→ **ASSIGNMENT**
Where a picture appears, omit it; repeat everything else in the records exactly.

====== INPUT DATA ======

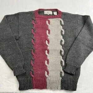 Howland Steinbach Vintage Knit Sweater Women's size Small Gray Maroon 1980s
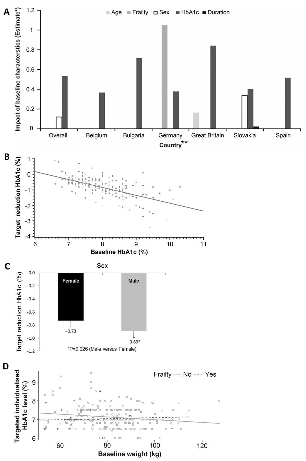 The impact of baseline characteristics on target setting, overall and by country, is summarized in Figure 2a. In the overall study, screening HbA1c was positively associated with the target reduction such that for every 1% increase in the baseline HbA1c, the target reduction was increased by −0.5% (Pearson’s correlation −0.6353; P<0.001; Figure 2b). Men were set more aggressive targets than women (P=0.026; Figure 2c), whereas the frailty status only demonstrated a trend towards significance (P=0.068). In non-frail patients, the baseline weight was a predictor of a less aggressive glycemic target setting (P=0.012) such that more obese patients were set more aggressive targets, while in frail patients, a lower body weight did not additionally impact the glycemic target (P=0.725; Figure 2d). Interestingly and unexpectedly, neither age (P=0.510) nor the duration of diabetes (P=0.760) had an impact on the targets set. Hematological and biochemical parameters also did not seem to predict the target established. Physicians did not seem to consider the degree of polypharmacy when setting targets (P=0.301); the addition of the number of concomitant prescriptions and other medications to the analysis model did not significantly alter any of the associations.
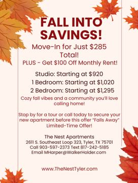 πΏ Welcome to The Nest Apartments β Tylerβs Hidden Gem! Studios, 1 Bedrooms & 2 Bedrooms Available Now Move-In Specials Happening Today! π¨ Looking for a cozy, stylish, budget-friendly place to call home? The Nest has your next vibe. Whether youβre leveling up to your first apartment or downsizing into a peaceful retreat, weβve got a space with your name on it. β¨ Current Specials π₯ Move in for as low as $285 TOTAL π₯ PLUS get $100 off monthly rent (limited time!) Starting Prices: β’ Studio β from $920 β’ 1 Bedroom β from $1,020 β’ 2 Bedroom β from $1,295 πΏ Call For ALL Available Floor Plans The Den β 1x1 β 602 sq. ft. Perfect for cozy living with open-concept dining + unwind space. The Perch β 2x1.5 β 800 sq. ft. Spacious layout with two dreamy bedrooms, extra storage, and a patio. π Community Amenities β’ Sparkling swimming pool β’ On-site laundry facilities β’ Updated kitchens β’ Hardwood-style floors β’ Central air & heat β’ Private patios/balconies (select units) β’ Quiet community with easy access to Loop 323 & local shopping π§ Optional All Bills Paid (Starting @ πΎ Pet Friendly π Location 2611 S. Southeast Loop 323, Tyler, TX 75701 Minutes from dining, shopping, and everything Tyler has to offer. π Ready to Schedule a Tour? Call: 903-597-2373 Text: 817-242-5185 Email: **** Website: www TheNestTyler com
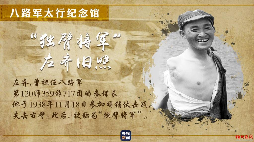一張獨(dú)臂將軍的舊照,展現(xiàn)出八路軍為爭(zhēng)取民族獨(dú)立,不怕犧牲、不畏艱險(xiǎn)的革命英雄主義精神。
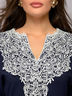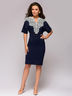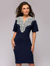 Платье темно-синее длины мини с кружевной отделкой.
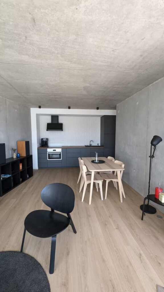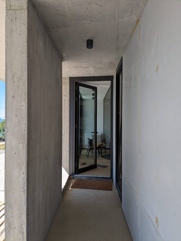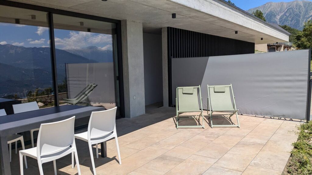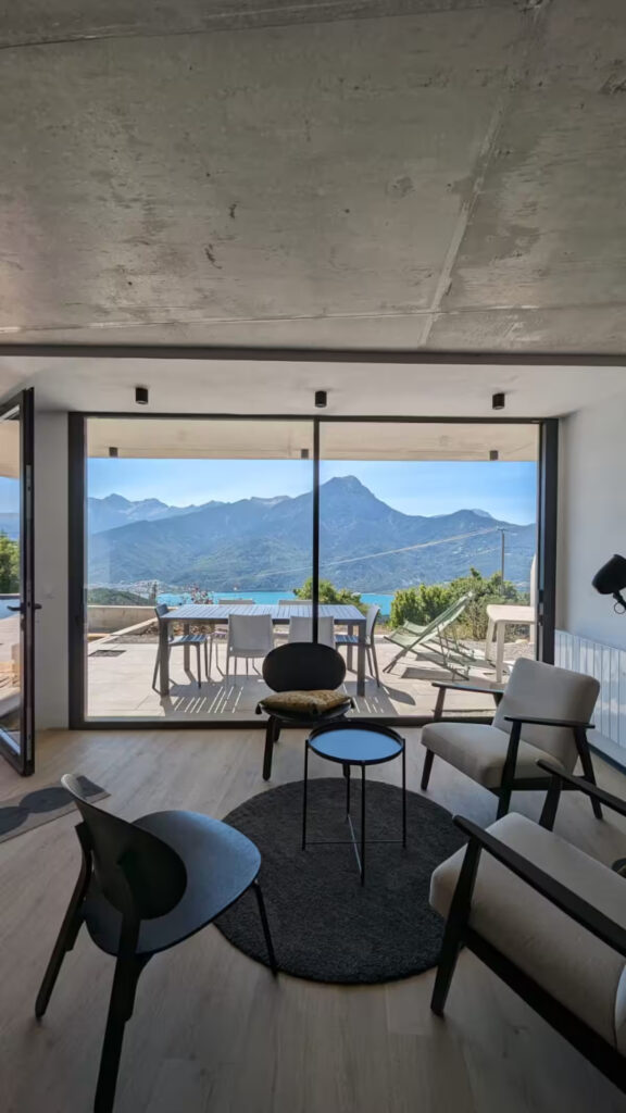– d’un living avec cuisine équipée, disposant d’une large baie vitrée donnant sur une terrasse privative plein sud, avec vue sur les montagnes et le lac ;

======

→ **RESPONSE TO THIS TASK**
 Howland Steinbach Vintage Knit Sweater Women's size Small Gray Maroon 1980s
 The impact of baseline characteristics on target setting, overall and by country, is summarized in Figure 2a. In the overall study, screening HbA1c was positively associated with the target reduction such that for every 1% increase in the baseline HbA1c, the target reduction was increased by −0.5% (Pearson’s correlation −0.6353; P<0.001; Figure 2b). Men were set more aggressive targets than women (P=0.026; Figure 2c), whereas the frailty status only demonstrated a trend towards significance (P=0.068). In non-frail patients, the baseline weight was a predictor of a less aggressive glycemic target setting (P=0.012) such that more obese patients were set more aggressive targets, while in frail patients, a lower body weight did not additionally impact the glycemic target (P=0.725; Figure 2d). Interestingly and unexpectedly, neither age (P=0.510) nor the duration of diabetes (P=0.760) had an impact on the targets set. Hematological and biochemical parameters also did not seem to predict the target established. Physicians did not seem to consider the degree of polypharmacy when setting targets (P=0.301); the addition of the number of concomitant prescriptions and other medications to the analysis model did not significantly alter any of the associations.
 πΏ Welcome to The Nest Apartments β Tylerβs Hidden Gem! Studios, 1 Bedrooms & 2 Bedrooms Available Now Move-In Specials Happening Today! π¨ Looking for a cozy, stylish, budget-friendly place to call home? The Nest has your next vibe. Whether youβre leveling up to your first apartment or downsizing into a peaceful retreat, weβve got a space with your name on it. β¨ Current Specials π₯ Move in for as low as $285 TOTAL π₯ PLUS get $100 off monthly rent (limited time!) Starting Prices: β’ Studio β from $920 β’ 1 Bedroom β from $1,020 β’ 2 Bedroom β from $1,295 πΏ Call For ALL Available Floor Plans The Den β 1x1 β 602 sq. ft. Perfect for cozy living with open-concept dining + unwind space. The Perch β 2x1.5 β 800 sq. ft. Spacious layout with two dreamy bedrooms, extra storage, and a patio. π Community Amenities β’ Sparkling swimming pool β’ On-site laundry facilities β’ Updated kitchens β’ Hardwood-style floors β’ Central air & heat β’ Private patios/balconies (select units) β’ Quiet community with easy access to Loop 323 & local shopping π§ Optional All Bills Paid (Starting @ πΎ Pet Friendly π Location 2611 S. Southeast Loop 323, Tyler, TX 75701 Minutes from dining, shopping, and everything Tyler has to offer. π Ready to Schedule a Tour? Call: 903-597-2373 Text: 817-242-5185 Email: **** Website: www TheNestTyler com
一張獨(dú)臂將軍的舊照,展現(xiàn)出八路軍為爭(zhēng)取民族獨(dú)立,不怕犧牲、不畏艱險(xiǎn)的革命英雄主義精神。
 Платье темно-синее длины мини с кружевной отделкой.
– d’un living avec cuisine équipée, disposant d’une large baie vitrée donnant sur une terrasse privative plein sud, avec vue sur les montagnes et le lac ;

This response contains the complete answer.